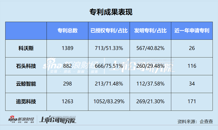 石头科技的各项指标排名在赛道中排在中间的位置,而发明专利的占比相对较少;
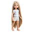 Deze pop nodigt uit om veel geknuffeld te worden! Het lichaam is namelijk heerlijk zacht en ruikt naar vanille. Ze heeft prachtig lang, blond haar en blauwe ogen. Ze draagt een korte witte broek met een print van sterren en een wit shirt met een print van een kroontje.
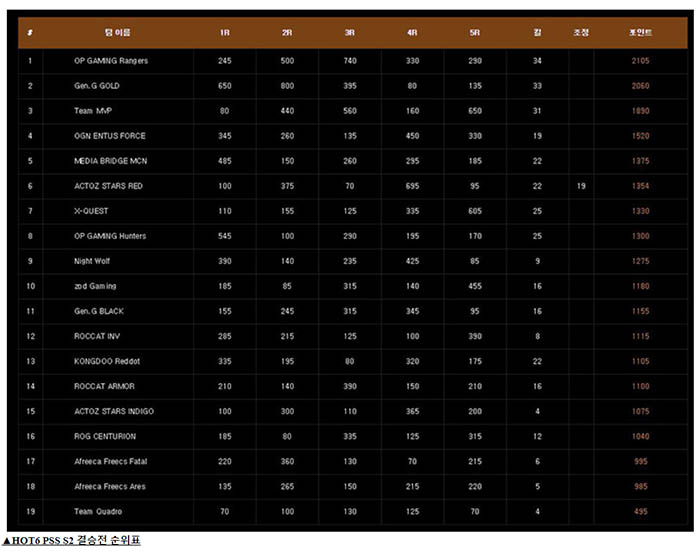 ... 종합우승은 5라운드에서 OP게이밍 레인저스가 2105점으로 GEN. G골드를 45점 차로 역전시키며 차지했다. 결승전 경기 이후 시상식에서는 핫식스 PSS S2 우승팀 OP 게이밍 레인저스가 상금 5000만원을 받았고 MVP로 선정된 우승팀의 최성철(BBABBO)
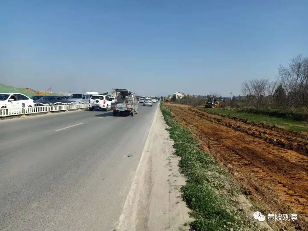 去年12月份,位于318国道北半侧,属于黄陂区部分的路面开始拓宽,在现有机动车道的外侧增加了一个车道,目前路基已填起来大半。
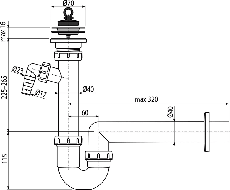 - Priključak na odvodnu cijev Ø40 mm
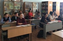 Сегодня учащиеся 8 класса с учителем русского языка и литературы Чубуковой Н.Н. посетили библиотечный урок литературы в музее П.П. Хузангая "Есенин - это вечно". Цель мероприятия была заинтересовать учащихся противоречивой личностью поэта, увлечь поэтическим творчеством Сергея Есенина, обратить внимание на глубокую лиричность поэзии, нежную любовь к родине, природе.
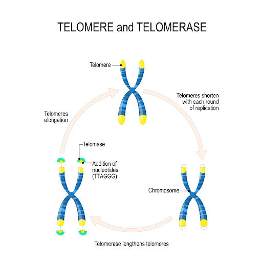 Однако каждый раз, когда клетка делится, теломеры постепенно становятся короче. Когда это укорачивание достигает своего предела, клетка больше не может делиться, и происходят такие явления, как «клеточное старение» или «естественная смерть (апоптоз)».
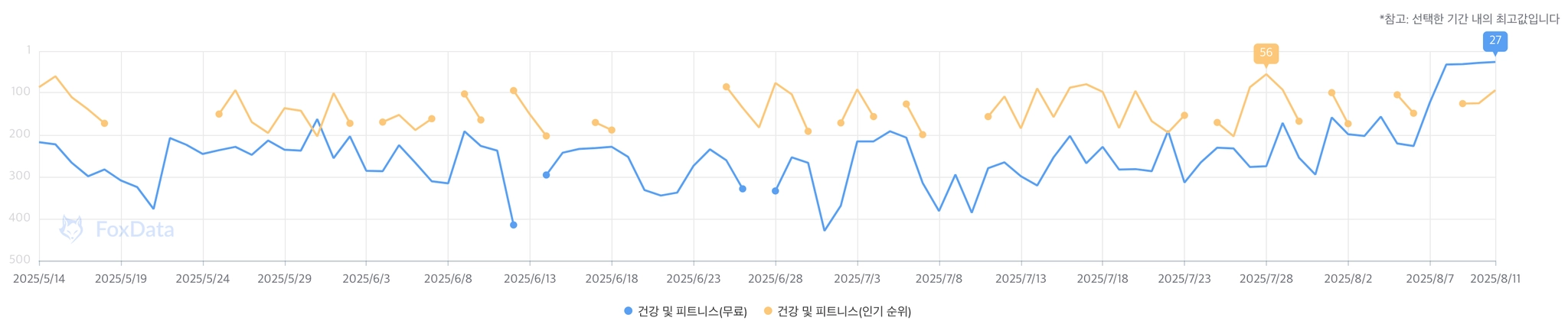 위클리 업데이트 이후 2배 상승한 뒤 하락세로 이어지다 정체하였다.
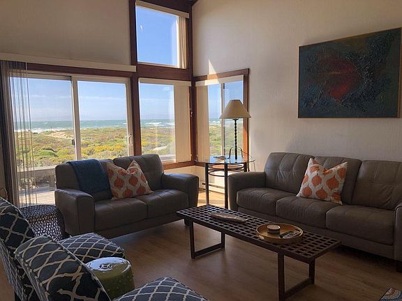Step into luxury in your quintessential beachfront home at Monterey Dunes Colony in South Moss Landing. You will love your private enclave on a one-mile stretch of beach. This home has three spacious bedrooms including a master suite and two bathrooms - all on the ground floor. Feel your heart rate slow to the ocean waves and sunset views in complete privacy. Near golfing, restaurants, but just far enough from the chaos of busy lives for complete solitude. High ceilings, open concept, and ready for you to retreat from your busy career only 1-2 hours away! The community features a large swimming pool, sauna, Jacuzzi, tennis, bocce ball, sand volleyball courts, and basketball courts in a resort environment. Complete privacy with corner home attached by only one wall to neighboring home. It is a single story home with only a few steps to enter. The detached two-car garage is nearby. Gorgeous updated kitchen with quartz counters, shaker cabinets and unstoppable ocean views.
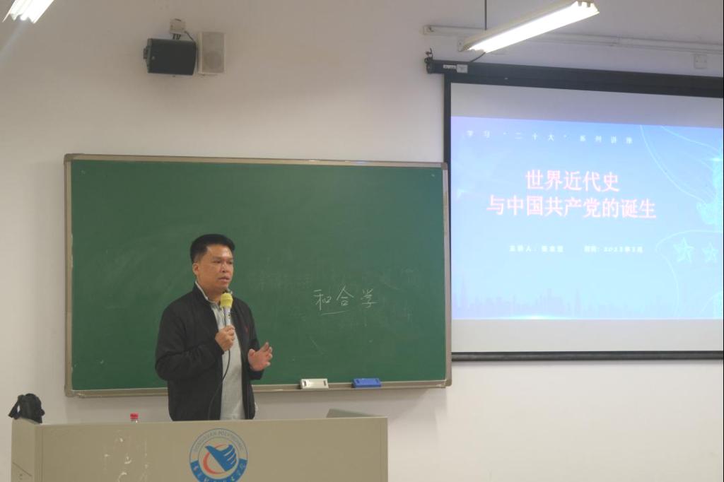为深入学习贯彻落实党的二十大精神,确保党的二十大精神入脑入心、落地落实,2023年3月30日下午,太阳成集团tyc122ccvip党总支副书记姚志坚向21级100名同学开展二十大精神专题系列讲座。姚书记以《世界近代史与中国共产党的诞生》为主题,结合自身所见、工作所得,为同学们做了全面系统、生动详实的讲述,进一步激发了同学们的爱党爱国热情。

────────────────

→ **Exercise**
Omit the images; transcribe the listing verbatim.

→ **Task result**
 石头科技的各项指标排名在赛道中排在中间的位置,而发明专利的占比相对较少;
 Deze pop nodigt uit om veel geknuffeld te worden! Het lichaam is namelijk heerlijk zacht en ruikt naar vanille. Ze heeft prachtig lang, blond haar en blauwe ogen. Ze draagt een korte witte broek met een print van sterren en een wit shirt met een print van een kroontje.
 ... 종합우승은 5라운드에서 OP게이밍 레인저스가 2105점으로 GEN. G골드를 45점 차로 역전시키며 차지했다. 결승전 경기 이후 시상식에서는 핫식스 PSS S2 우승팀 OP 게이밍 레인저스가 상금 5000만원을 받았고 MVP로 선정된 우승팀의 최성철(BBABBO)
 去年12月份,位于318国道北半侧,属于黄陂区部分的路面开始拓宽,在现有机动车道的外侧增加了一个车道,目前路基已填起来大半。
 - Priključak na odvodnu cijev Ø40 mm
 Сегодня учащиеся 8 класса с учителем русского языка и литературы Чубуковой Н.Н. посетили библиотечный урок литературы в музее П.П. Хузангая "Есенин - это вечно". Цель мероприятия была заинтересовать учащихся противоречивой личностью поэта, увлечь поэтическим творчеством Сергея Есенина, обратить внимание на глубокую лиричность поэзии, нежную любовь к родине, природе.
 Однако каждый раз, когда клетка делится, теломеры постепенно становятся короче. Когда это укорачивание достигает своего предела, клетка больше не может делиться, и происходят такие явления, как «клеточное старение» или «естественная смерть (апоптоз)».
 위클리 업데이트 이후 2배 상승한 뒤 하락세로 이어지다 정체하였다.
Step into luxury in your quintessential beachfront home at Monterey Dunes Colony in South Moss Landing. You will love your private enclave on a one-mile stretch of beach. This home has three spacious bedrooms including a master suite and two bathrooms - all on the ground floor. Feel your heart rate slow to the ocean waves and sunset views in complete privacy. Near golfing, restaurants, but just far enough from the chaos of busy lives for complete solitude. High ceilings, open concept, and ready for you to retreat from your busy career only 1-2 hours away! The community features a large swimming pool, sauna, Jacuzzi, tennis, bocce ball, sand volleyball courts, and basketball courts in a resort environment. Complete privacy with corner home attached by only one wall to neighboring home. It is a single story home with only a few steps to enter. The detached two-car garage is nearby. Gorgeous updated kitchen with quartz counters, shaker cabinets and unstoppable ocean views.
为深入学习贯彻落实党的二十大精神,确保党的二十大精神入脑入心、落地落实,2023年3月30日下午,太阳成集团tyc122ccvip党总支副书记姚志坚向21级100名同学开展二十大精神专题系列讲座。姚书记以《世界近代史与中国共产党的诞生》为主题,结合自身所见、工作所得,为同学们做了全面系统、生动详实的讲述,进一步激发了同学们的爱党爱国热情。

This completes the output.